▸ **RECORDS SUPPLIED**
——————
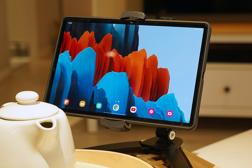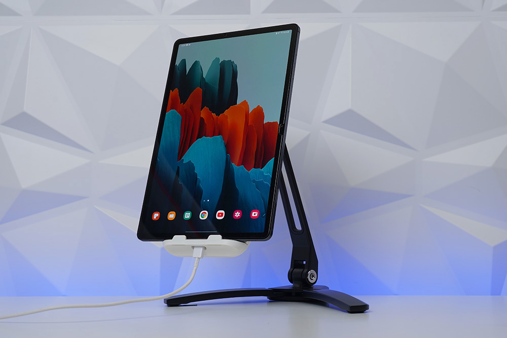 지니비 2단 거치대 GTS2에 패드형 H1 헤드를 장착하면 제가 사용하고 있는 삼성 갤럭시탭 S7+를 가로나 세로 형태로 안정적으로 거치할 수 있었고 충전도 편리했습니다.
——————
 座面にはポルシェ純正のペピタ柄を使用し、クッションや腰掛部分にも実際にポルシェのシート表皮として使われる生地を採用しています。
——————
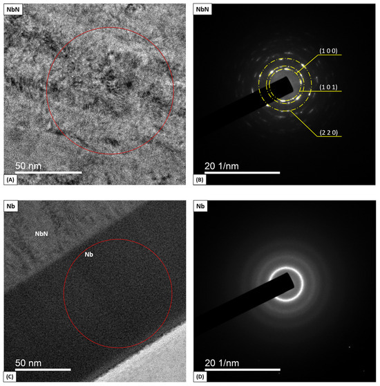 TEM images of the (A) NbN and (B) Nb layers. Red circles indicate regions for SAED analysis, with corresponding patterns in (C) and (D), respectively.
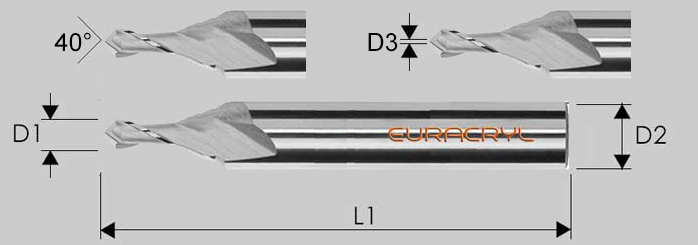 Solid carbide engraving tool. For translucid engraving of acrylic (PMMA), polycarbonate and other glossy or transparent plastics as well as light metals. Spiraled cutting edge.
——————
Reproduce the lines above beginning at the line that contains "TEM images of" and ending at the line that contains "Solid carbide engraving". No pictures.

▸ **RESPONSE TO THIS TASK**
 TEM images of the (A) NbN and (B) Nb layers. Red circles indicate regions for SAED analysis, with corresponding patterns in (C) and (D), respectively.
 Solid carbide engraving tool. For translucid engraving of acrylic (PMMA), polycarbonate and other glossy or transparent plastics as well as light metals. Spiraled cutting edge.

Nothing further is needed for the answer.